Conrad has dressed her five daughters in pantaloons and long dresses and posed them in the icy Shoshone River “washing clothes” and rounded up her husband’s “hands” in a rare spare moment and bid them to run their horses through the river “one more time” and joined in the bloody “fun” at branding time. She has reveled in the palpable excitement of the cowboys behind the chutes at rodeo as they ready to try their skills at a testy bronc, and fallen over wagon tongues because she was so interested in seeing what was going on “out there” that she wasn’t watching “right here”. She has 4-H’d and joined pow-wows and danced at Crow Fair, and driven in a rickety bus on a harrowingly narrow dirt road down through seven vegetative zones of the Copper Canyon to visit the Tarahumara Indians in search of the least “civilized” tribe on the North American continent. She has hiked down to the White House ruins with a 50 lb. pack of “artists paraphernalia” to paint the Navajo Bead workers and the colorfully chiseled walls of Canyon d’Chelly, and experienced the Spirit of the Anasazi ruins of Mesa Verde and puzzled over the petroglyphs of southern Utah.

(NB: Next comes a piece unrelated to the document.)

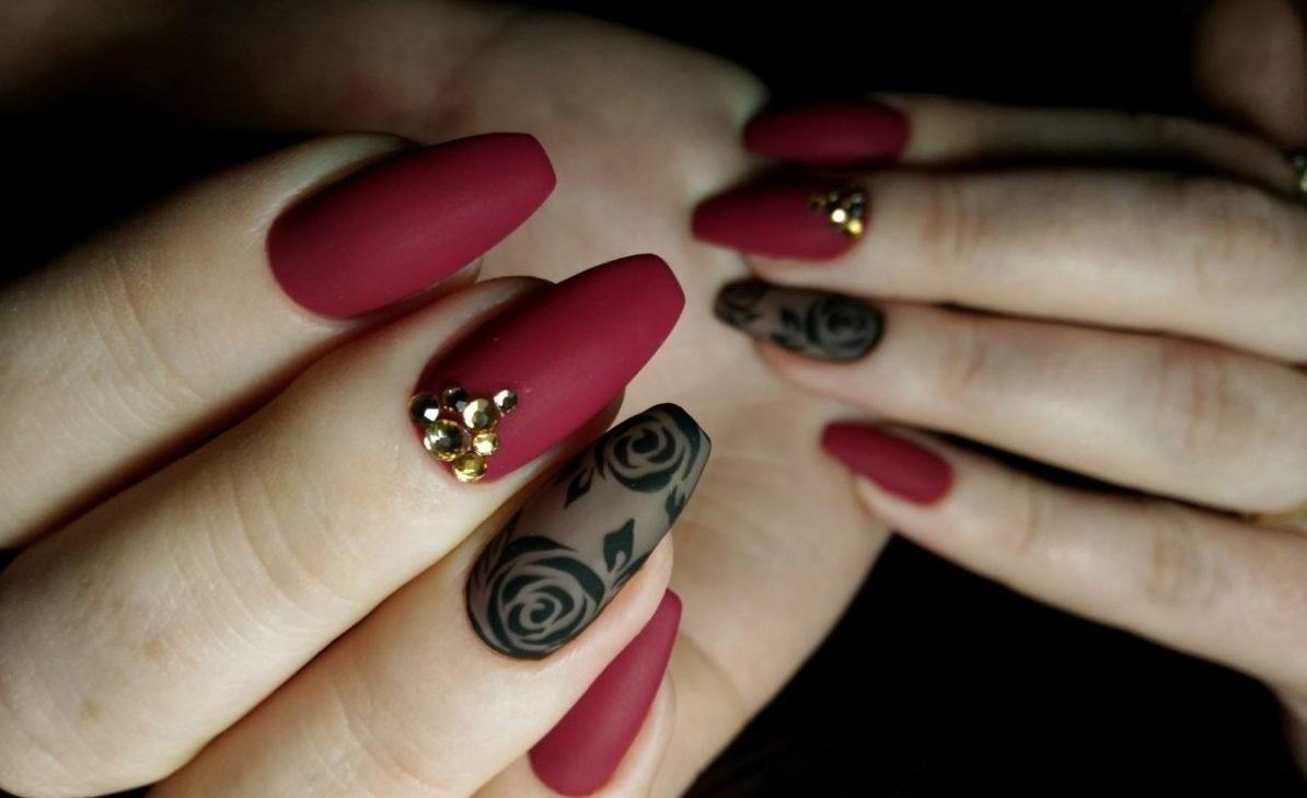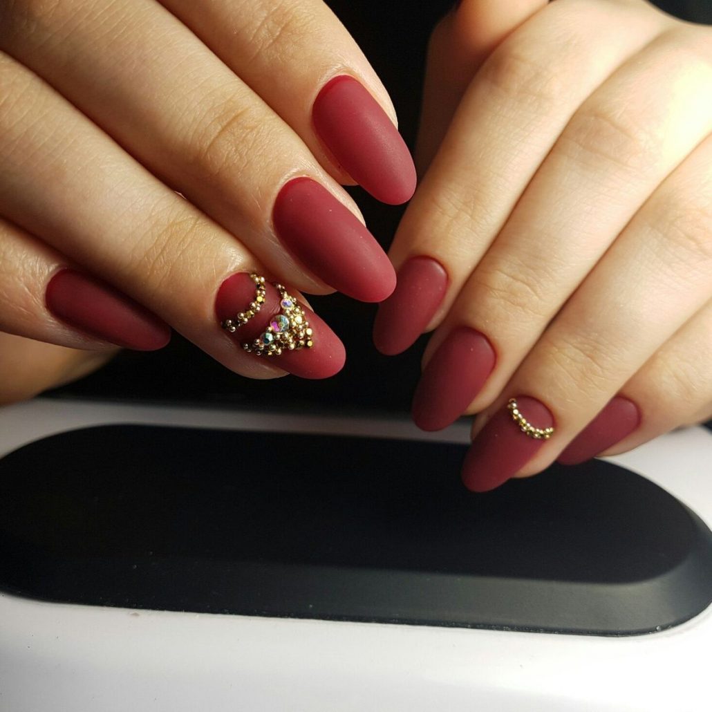 Le vernis Bourgogne peut présenter une saturation des couleurs différente, être brillant ou mat. La manucure mate paraîtra plus impressionnante sur les ongles longs, car ce n’est que dans ce cas que vous pourrez maximiser la profondeur de la couleur.

Education underpinning Bonnie’s production include a B.A. in arts, a year studying under master draftsman Kent Goodliffe and workshops with some of her favorites including Dan Mieduch, Jim Wilcox, Matt Smith, Donald (Putt) Puttnam, Carolyn Anderson, Gary Kapp and William Reese as well as many trips to museums and galleries studying favorite works. What evolved is a painterly style enriched by a love of color and a striking portrayal of light.

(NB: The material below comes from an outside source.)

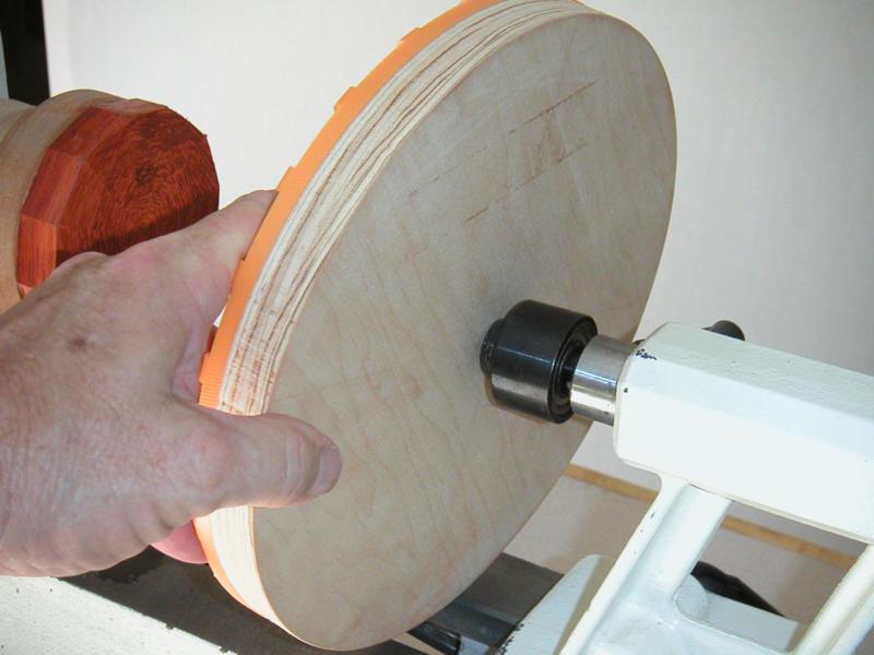 I like using a faceplate rather than a chuck because you can remove the vessel from the lathe and put it back on and not have to worry about alignment.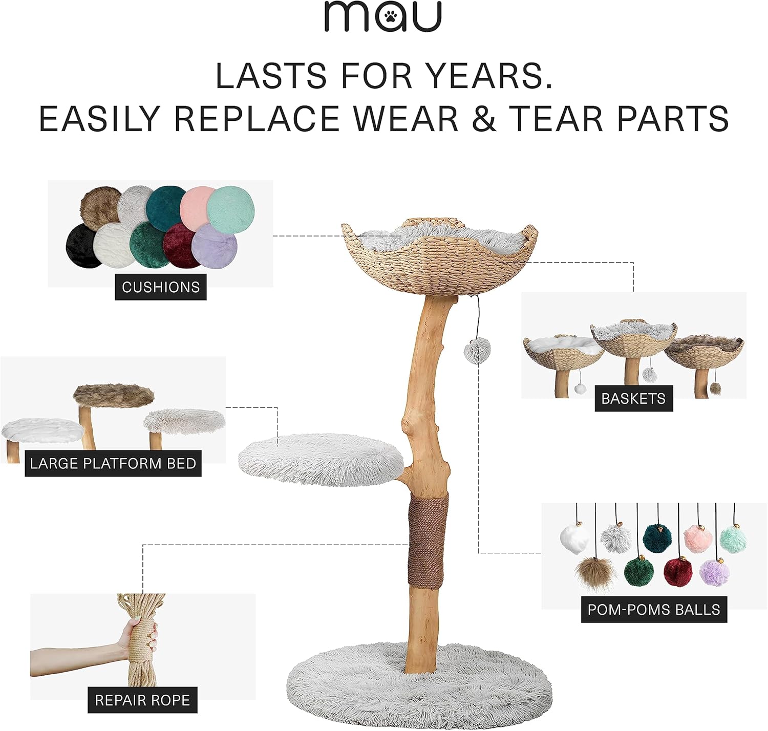 - MADE TO LAST & ENDLESS SUPPORT: These trees are extremely high quality and made to last for years to come. You’ll always be able to keep your cat tree looking new because replacement parts can be purchased for ANY part on the tree. If you ever have any sort of issues with your tree, our team of cat lovers are ready to assist you. Your satisfaction is extremely important and we are here to make sure that you and your kitty have the best experience possible with Mau!

Conrad is honored as a Signature Member of Oil Painters of America (OPA) and American Women Artists (AWA). She has garnered several awards on a national level including Oil Painters of America "Honorable Mention", American Plains Artists First Place Oil and Best of Show, Rocky Mountain Elk Foundation Poster Artist, St. George Arts Festival Best of Show, Zwei Tu Color Award Oil Painter's of America, First Place Oil American Academy of Women Artists, Best of Show Western Spirit, Lifetime Achievement Award, Who’s Who America. Permanent collections sporting her work are the Pioneer Center for the Arts, St. George, Utah, Clymer Museum in Ellensburg, Washington and Dixie State College Collection. At present, Conrad paints in the summer in beautiful rural Mendon, Utah and in the winter from the red rock land of Utah’s Dixie in St. George.
ARTIST STATEMENT
Getting into a painting, body and soul, is a mesmerizing and even somewhat addicting experience. I was hooked after the first class I took many years ago and have been driven ever since to keep striving to better my best. Turning out a wonderful painting in every sense of the word is a most intriguing challenge as the possibilities for color relationships, design, mood, edges, texture and brushstrokes present a myriad of possibilities. But, most of all, what really drives me is a desire to explore color and the portrayal of light in a subject. My paintings are most recognized for striking use of these two elements.
It is my desire to lift the human spirit with my work…to evoke a strong emotional connection with the viewer. Whether I seek to portray the lure of the American West or tell the story of our rapidly disappearing rural ties, I mean to speak to the heart. One of the best compliments I ever received from a viewer was “WOW!”